PROBLEM:
With every picture left out, give the data below back exactly.

RAW DATA:
☆ ☆ ☆ ☆
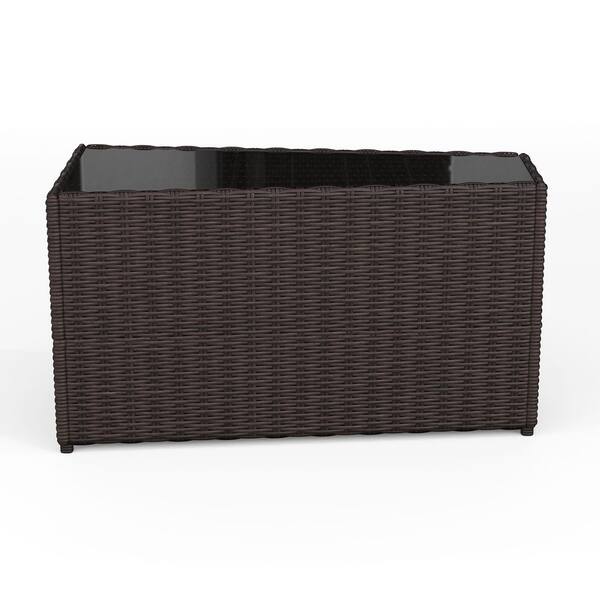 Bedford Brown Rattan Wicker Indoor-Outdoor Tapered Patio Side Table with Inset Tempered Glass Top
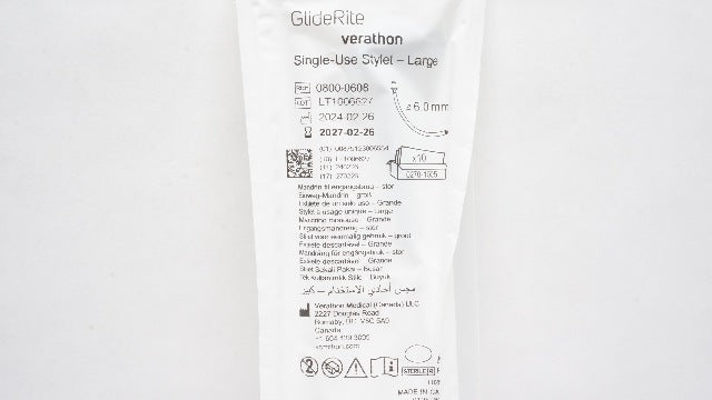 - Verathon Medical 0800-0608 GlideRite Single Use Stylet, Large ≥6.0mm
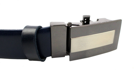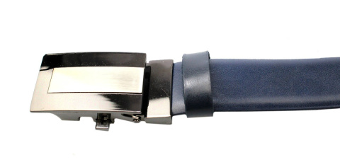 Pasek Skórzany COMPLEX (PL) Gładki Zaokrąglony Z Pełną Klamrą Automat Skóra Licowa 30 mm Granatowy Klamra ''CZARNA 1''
☆ ☆ ☆ ☆
WORKED SOLUTION:
 Bedford Brown Rattan Wicker Indoor-Outdoor Tapered Patio Side Table with Inset Tempered Glass Top
 - Verathon Medical 0800-0608 GlideRite Single Use Stylet, Large ≥6.0mm
 Pasek Skórzany COMPLEX (PL) Gładki Zaokrąglony Z Pełną Klamrą Automat Skóra Licowa 30 mm Granatowy Klamra ''CZARNA 1''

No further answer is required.